Demetrius and Paula Ogglebutt have a problem--their parents. Their mother and father can't agree about anything and their stand-off is approaching all out war. Mr. Ogglebutt puts cement in Mrs. Ogglebutt's bath salts; she puts fireworks in his sausage and mashed potatoes. He puts wigglers in her mudpack; she puts a cow pie in his cap. The uglier their feelings for each other, the uglier they look. Demetrius and Paula are miserable until they come up with a wonderful plan--they ask the minister to un-marry their parents. ""What a clever idea,"" he says, and their parents wonder why they didn't think of it themselves. A lovely un-wedding ensues, with the beaming un-couple and guests all in black. While the two honeymoon separately, the children demolish the baronial estate and build two houses, one for each parent, connected by a secret tunnel that only children can crawl through.
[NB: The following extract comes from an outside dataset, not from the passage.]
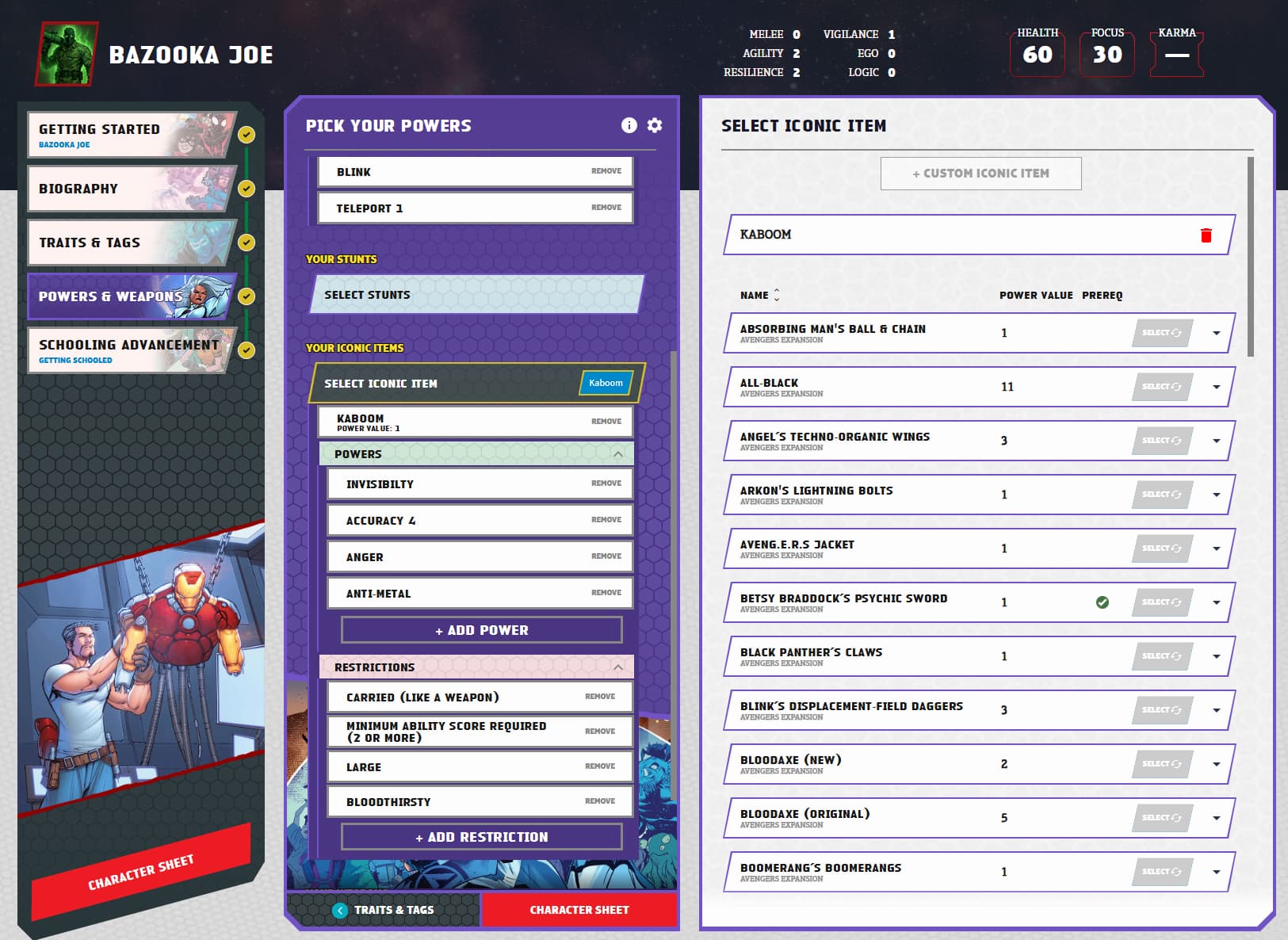 You can make custom Iconic Items in the builder. You can’t make them in the sheet at the moment.

They order two of everything they want and everyone lives ""happily ever after--apart."" Cole (Drop Dead, 1997, etc.) proves again that humor is the best medicine; this tongue-in-cheek take on divorce won't prevent children from suffering on their own warring home fronts, but casts the process of separating in a light that may cheer them. Loosely drawn line-and-watercolor illustrations portray the bickering couple in hilarious detail, made all the funnier by the posh British backdrop that is their battleground.